The film was of a cow being led into the water where there were many P's hungry from shrinking pools I believe. They dont show very much detail, but you do see the cow being pretty much eaten alive, and the water going crazy around it.

Am I wrong?

~Dj


----------



## InSinUAsian (Jan 3, 2003)

thomisdead said:


> found this pic while looking for the video.
> 
> it said something below it about the gov't experimenting on a new breed of piranha


 Thats probly from that gay movie PIRANHA...

HaHaHaHa...

~Dj


----------



## thomisdead (Mar 31, 2003)

I pretty sure you're right about the Teddy Roosevelt part. I think at one point I read the piranha part that he wrote in his book about that safari. That may be interesting too, I should go look at that.

I think that pic I posted earlier was from the old movie Piranha.


----------



## Forked_Tongue (Feb 20, 2003)

i saw this "piranha-cow bvideo" and it wasnt old it was in color!!! and it shgowed the pictures from on the surface and underwater and you could see the P's swimming inside the bovine and eating entrails as they cut to the surface video and watched the cow scream and moan, then went back underwater again...i need to see this video again...please someone tell me where to find it of post it...i saw it when i was very little


----------



## piranha45 (Apr 8, 2003)

Forked_Tongue said:


> ...i saw it when i was very little


 ah, so _that's_ why your such a sick bastard eh in your adult years eh


----------



## RhomZilla (Feb 12, 2003)

thomisdead said:


> found this pic while looking for the video.

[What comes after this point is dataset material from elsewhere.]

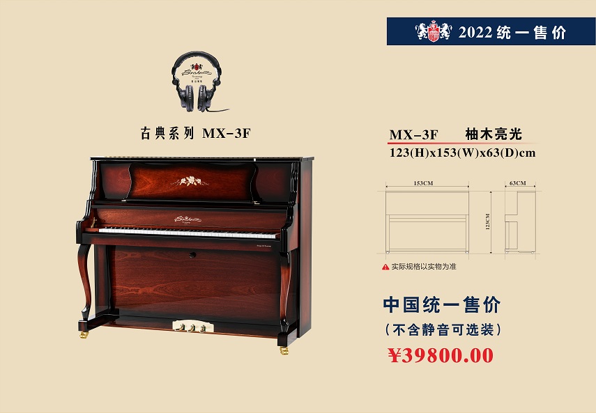 尊敬的用戶,熱烈歡迎您已成為勃拉姆斯 Brahms 鋼琴用戶大家庭中的一員,祝賀您以睿智的目光選擇了我們的產品,我們將為您提供卓越的品質和一流的服務。Brahms 鋼琴從進入中國大陸20年以來,在各項技術指標和制作工藝上都嚴格按照德國鋼琴工藝標準生產制造,迄今為止已在生產和銷售方面有了長足的發展,特別是在產品質量上多項指標已遠遠超過中國樂器行業國家標準和同行水平。現已被作為上海音樂學院國際鋼琴大師班演奏用琴;美國奧柏林國際鋼琴大賽中國賽區指定用琴;上海國際書展專家指定演示用琴;上海浦東國際機場T2航站樓迎賓大廳形象展示指定用琴;廈門高崎國際機場迎賓大廳形象展示用情等。在銷售商和消費者心目中已經建立起了良好的品質形象和信譽,品牌效應也日見彰顯。為了酬謝廣大Brahms 用戶的厚愛,確保Brahms 鋼琴的恒久卓越,我們特聯合特約經銷商向 Brahms 用戶提供:1、電話定時回訪;2、上門跟蹤服務;3、特設咨詢和監督投訴專線電話;4、對產品品質的保障管理切實實行 “質保30年,實施召回制”。

 WTF!??! That looks like a boulder with teethe!!


----------



## Crossett (Apr 1, 2003)

Forked_Tongue said:


> i saw this "piranha-cow bvideo" and it wasnt old it was in color!!! and it shgowed the pictures from on the surface and underwater and you could see the P's swimming inside the bovine and eating entrails as they cut to the surface video and watched the cow scream and moan, then went back underwater again...i need to see this video again...please someone tell me where to find it of post it...i saw it when i was very little


 that's the one i was talking about. I cant find it though


----------